Dusty Cornflower vs Santorini Blue
Dusty Cornflower and Santorini Blue come from the same Benjamin Moore collection. Both sit in the blue family, which is useful context if you're narrowing within a single hue direction. The 8-point LRV gap — 45 for Santorini Blue vs 36 for Dusty Cornflower — means Santorini Blue will open up a space more effectively. Both share a blue character, which means they'll respond to light and surrounding materials in similar ways. ΔE 6.8 means they're clearly different, but not dramatically so — they'd pair well in the same room. Below you'll find 1 real-room photo comparison where both colors appear side by side, plus 5 simulated room previews.
Dusty Cornflower vs Santorini Blue in Real Spaces
1 real room side by side. Dusty Cornflower and Santorini Blue are close enough that the difference can be hard to judge from a chip alone — these photos show how each reads at scale, across different spaces and lighting conditions.
Kitchen Cabinets
Cabinet color is always seen in context — against countertops, backsplash, and hardware — which amplifies undertone differences that might disappear on a plain wall. Santorini Blue returns significantly more light to the room — in a smaller or darker space, that difference in perceived brightness is hard to miss.
Color Details
Dusty Cornflower vs Santorini Blue Simulated Comparison
5 simulated room previews — drag the slider on each to see Dusty Cornflower on one side and Santorini Blue on the other.
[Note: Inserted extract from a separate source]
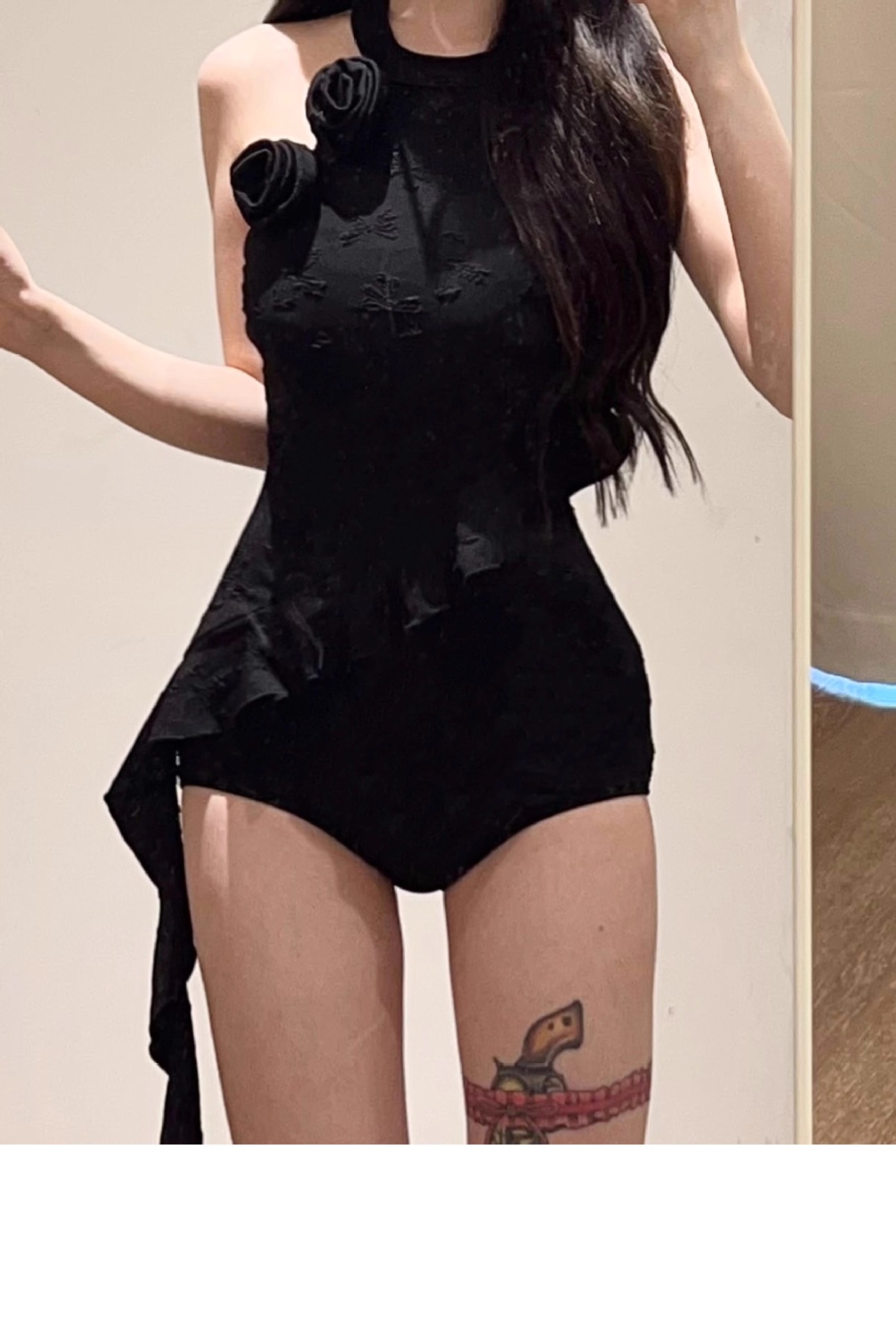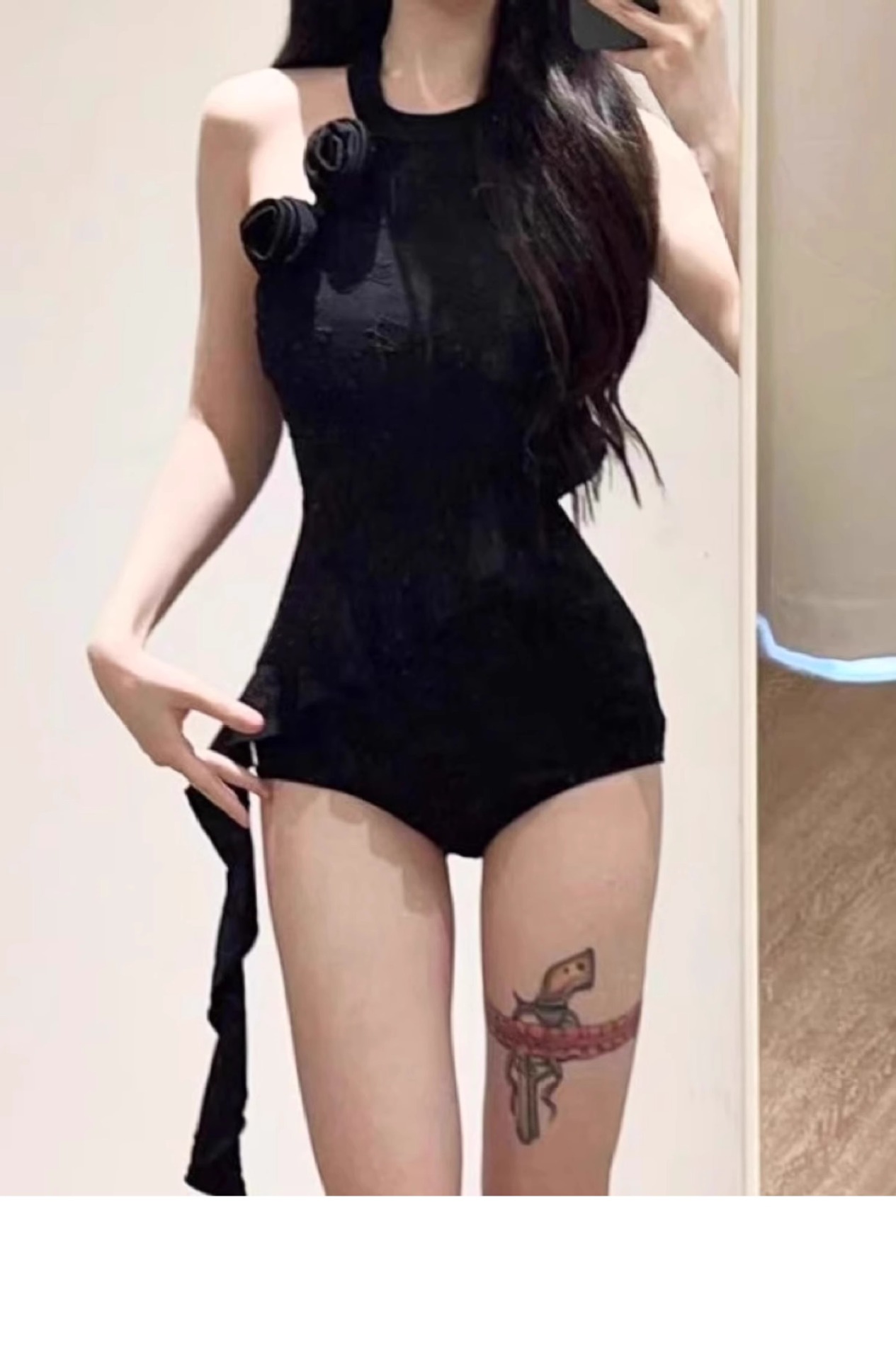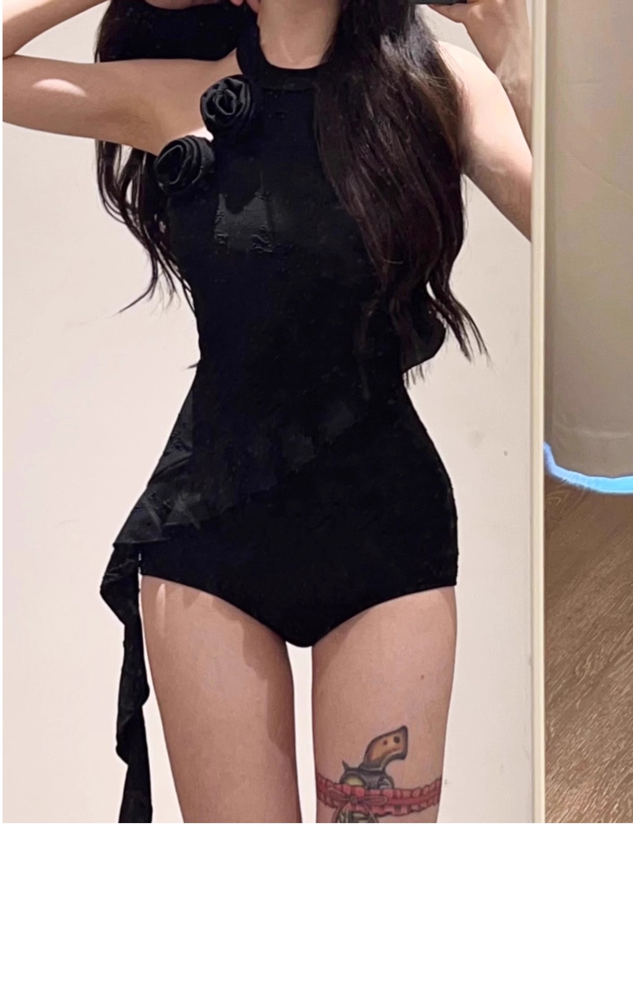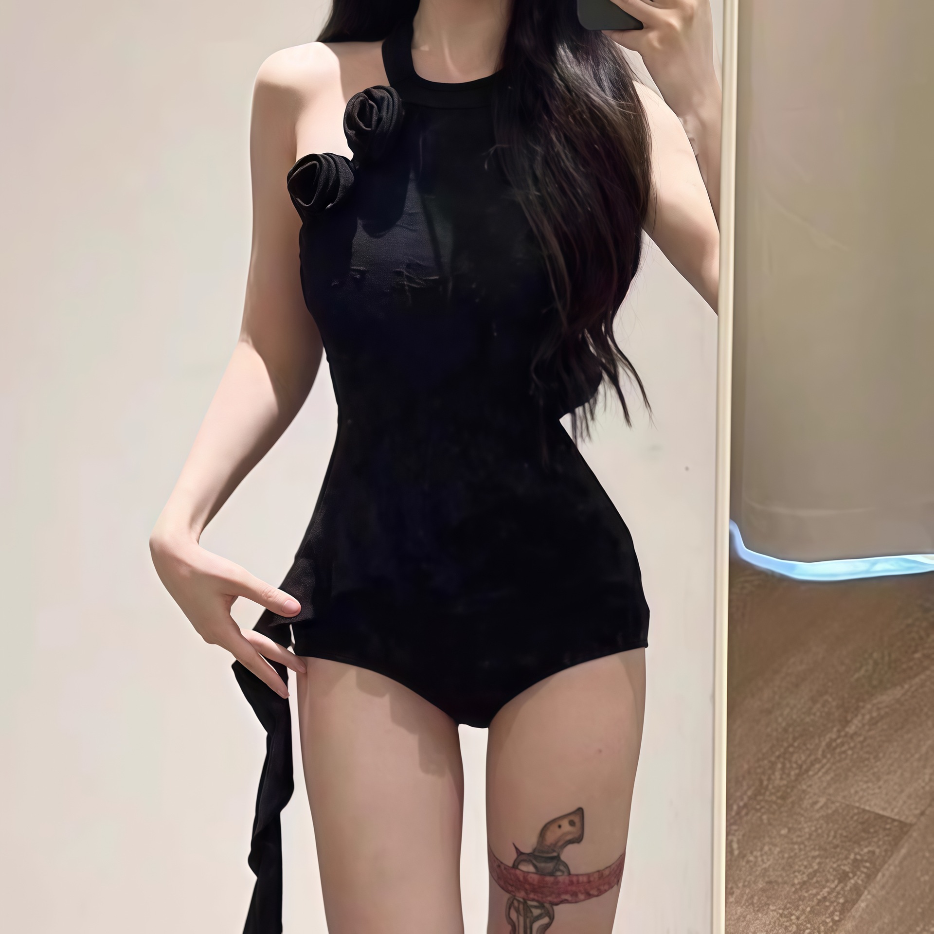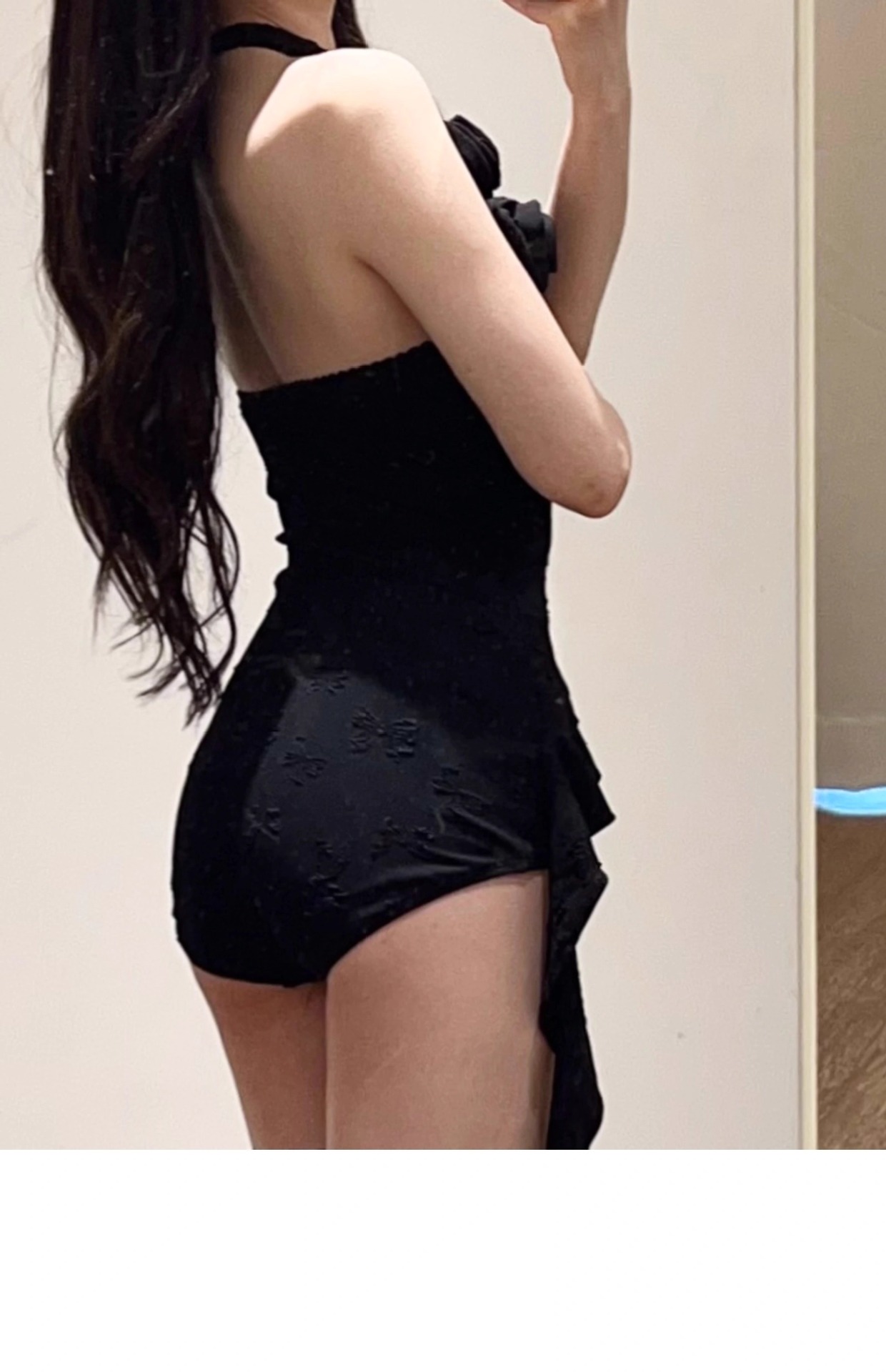 하이 엔드 여성 섹시 수영복 여성 2025 새로운 보수 슬림 배 커버링 레트로 블랙 온천 휴가

Digital color is approximate. These simulations are generated from the manufacturer's hex values and overlaid on grayscale room photos — your screen's calibration, brightness, and viewing angle all affect how they render. Before committing to either color, test physical samples in your own space under the light you actually live with.
More Dusty Cornflower comparisons
See how Dusty Cornflower stacks up against other well-photographed colors across different brands and tones.